Insgesamt 700 „Heinzis“ sind nun mit den Fahrern unterwegs

Bei den fast 700 Tablets handelt es sich um iPads der neunten Generation mit 256 GB Speicher.

Sie sind WLAN-fähig und verfügen über eine SIM-Karte mit fünf Gigabyte. Die permanente Verbindung über das Mobilfunknetz soll so gegeben sein. Mit Einführung von „Heinzi“ wurden auch Betriebsvereinbarungen an das Fahrpersonal herausgegeben.
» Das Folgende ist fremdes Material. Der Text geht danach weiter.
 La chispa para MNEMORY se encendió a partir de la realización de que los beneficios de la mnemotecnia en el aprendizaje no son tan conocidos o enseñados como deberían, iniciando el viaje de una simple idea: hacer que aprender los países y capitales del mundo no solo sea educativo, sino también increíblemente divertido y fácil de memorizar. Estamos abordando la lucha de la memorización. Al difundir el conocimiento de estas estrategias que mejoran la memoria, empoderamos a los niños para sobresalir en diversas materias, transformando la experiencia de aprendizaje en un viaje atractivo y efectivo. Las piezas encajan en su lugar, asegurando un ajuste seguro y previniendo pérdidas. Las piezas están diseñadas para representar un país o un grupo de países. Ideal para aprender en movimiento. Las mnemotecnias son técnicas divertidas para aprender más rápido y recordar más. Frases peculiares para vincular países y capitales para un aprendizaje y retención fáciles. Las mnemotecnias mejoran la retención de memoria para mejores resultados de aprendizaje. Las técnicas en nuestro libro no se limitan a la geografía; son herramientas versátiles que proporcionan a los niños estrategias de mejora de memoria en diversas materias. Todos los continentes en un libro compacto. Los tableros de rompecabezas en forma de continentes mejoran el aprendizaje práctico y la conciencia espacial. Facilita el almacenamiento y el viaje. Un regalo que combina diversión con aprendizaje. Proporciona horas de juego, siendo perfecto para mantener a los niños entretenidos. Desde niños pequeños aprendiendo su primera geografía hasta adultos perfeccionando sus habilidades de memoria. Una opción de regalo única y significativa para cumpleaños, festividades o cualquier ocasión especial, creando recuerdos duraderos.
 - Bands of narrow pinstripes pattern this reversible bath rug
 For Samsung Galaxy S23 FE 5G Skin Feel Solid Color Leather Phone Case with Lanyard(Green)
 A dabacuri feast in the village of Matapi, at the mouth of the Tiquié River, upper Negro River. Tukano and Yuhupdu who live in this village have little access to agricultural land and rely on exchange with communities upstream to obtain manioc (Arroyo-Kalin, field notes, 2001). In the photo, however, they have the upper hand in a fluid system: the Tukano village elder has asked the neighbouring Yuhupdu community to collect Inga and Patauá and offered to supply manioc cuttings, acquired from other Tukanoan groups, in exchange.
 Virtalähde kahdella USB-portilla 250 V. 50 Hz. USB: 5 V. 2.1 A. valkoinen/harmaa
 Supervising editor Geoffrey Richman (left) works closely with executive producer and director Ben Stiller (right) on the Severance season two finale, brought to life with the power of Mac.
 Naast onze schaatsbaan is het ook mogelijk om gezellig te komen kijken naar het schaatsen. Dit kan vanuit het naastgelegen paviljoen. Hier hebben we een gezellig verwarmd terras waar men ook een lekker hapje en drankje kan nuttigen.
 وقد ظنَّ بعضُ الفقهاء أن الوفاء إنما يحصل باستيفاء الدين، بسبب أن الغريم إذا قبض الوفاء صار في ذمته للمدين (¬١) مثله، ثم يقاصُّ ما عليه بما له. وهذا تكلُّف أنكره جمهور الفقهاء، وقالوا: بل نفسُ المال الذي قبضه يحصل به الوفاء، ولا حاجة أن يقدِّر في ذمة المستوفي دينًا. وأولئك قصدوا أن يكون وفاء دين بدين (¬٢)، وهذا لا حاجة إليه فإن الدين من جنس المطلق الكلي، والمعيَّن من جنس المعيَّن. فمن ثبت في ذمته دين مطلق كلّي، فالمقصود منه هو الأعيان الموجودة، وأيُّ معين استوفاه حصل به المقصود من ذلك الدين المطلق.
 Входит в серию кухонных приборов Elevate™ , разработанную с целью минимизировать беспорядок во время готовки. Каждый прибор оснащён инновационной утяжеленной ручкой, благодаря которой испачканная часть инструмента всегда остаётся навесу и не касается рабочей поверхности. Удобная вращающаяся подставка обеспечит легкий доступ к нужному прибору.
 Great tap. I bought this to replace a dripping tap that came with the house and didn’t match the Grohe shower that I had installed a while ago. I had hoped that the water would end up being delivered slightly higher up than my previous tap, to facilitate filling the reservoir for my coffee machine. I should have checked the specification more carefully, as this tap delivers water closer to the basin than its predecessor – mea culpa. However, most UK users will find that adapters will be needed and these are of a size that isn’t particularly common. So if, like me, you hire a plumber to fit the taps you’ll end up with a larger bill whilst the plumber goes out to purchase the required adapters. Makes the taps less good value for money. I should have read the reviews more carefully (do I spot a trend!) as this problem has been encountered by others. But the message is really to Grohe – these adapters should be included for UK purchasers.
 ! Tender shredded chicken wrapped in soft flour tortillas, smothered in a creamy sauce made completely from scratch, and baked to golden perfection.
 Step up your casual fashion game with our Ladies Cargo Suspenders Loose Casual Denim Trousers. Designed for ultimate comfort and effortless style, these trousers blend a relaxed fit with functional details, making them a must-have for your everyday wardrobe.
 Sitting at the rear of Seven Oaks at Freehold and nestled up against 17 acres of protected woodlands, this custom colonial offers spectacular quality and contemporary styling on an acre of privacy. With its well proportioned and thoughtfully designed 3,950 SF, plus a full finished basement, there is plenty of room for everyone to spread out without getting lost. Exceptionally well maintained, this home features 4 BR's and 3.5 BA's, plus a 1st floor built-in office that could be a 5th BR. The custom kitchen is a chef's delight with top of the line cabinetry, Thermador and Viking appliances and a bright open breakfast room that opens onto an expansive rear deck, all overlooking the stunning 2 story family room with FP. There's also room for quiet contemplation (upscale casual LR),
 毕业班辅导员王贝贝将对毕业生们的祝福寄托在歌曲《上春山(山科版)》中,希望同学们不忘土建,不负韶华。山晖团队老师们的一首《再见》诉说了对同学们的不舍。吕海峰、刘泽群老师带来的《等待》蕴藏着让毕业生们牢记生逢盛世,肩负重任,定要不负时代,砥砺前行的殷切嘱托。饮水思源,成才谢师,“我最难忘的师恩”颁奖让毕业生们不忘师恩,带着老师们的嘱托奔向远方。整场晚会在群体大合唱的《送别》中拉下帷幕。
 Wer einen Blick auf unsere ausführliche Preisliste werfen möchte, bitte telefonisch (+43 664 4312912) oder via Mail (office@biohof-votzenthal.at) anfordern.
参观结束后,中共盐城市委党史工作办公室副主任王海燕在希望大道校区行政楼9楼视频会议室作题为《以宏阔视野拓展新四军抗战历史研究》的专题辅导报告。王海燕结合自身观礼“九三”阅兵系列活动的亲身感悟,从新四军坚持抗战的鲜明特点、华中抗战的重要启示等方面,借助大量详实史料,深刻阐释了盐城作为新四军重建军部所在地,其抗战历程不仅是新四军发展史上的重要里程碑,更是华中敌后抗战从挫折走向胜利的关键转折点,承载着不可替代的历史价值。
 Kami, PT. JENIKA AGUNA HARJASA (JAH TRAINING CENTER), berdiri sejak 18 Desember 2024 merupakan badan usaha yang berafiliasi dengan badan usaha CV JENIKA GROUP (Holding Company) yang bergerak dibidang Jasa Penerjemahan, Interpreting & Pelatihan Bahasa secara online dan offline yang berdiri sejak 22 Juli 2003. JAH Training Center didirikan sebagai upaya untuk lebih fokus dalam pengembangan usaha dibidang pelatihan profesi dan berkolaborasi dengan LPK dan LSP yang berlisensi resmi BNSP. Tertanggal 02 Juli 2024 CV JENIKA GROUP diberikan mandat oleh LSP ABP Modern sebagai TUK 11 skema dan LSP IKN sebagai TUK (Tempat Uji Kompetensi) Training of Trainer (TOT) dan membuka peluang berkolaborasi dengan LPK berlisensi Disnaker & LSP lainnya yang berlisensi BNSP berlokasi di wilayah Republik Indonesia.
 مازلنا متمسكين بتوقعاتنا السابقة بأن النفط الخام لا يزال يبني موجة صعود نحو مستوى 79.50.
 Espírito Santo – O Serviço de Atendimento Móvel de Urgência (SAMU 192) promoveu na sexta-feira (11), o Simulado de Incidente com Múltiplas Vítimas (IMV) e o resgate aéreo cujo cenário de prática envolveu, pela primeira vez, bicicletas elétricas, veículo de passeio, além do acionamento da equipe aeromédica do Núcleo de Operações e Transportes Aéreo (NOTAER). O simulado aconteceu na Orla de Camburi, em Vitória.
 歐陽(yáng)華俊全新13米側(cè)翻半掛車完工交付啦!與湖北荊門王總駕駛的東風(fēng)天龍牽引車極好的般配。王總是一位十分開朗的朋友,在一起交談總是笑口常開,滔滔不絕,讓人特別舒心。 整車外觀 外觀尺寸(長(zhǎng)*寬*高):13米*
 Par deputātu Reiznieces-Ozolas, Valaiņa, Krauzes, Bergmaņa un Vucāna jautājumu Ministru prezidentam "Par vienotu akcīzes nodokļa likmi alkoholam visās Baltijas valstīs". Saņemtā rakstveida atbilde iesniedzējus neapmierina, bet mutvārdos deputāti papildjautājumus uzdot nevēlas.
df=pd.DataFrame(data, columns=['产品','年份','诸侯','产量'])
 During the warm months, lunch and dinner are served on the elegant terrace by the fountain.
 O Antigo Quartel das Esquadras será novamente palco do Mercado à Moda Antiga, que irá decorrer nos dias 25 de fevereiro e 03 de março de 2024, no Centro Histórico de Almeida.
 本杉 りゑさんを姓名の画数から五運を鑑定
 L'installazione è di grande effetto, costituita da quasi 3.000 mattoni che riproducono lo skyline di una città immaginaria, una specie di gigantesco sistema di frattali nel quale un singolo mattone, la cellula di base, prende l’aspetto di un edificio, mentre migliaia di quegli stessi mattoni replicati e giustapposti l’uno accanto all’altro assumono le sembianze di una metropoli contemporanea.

Die Tablets dürfen demnach während der Fahrt nicht bedient werden. Sie werden während der Fahrt über eine gesicherte Halterung mit Ladefunktion mitgeführt. Eine private Nutzung der Geräte ist gestattet.

Im vergangenen Jahr gab es einen Regionalverkehr Köln internen Namenswettbewerb, bei dem schließlich das „Heinzelmännchen“ aus der Kölner Geschichte siegte. Daraus entstand am Ende der Kurzname „Heinzi“.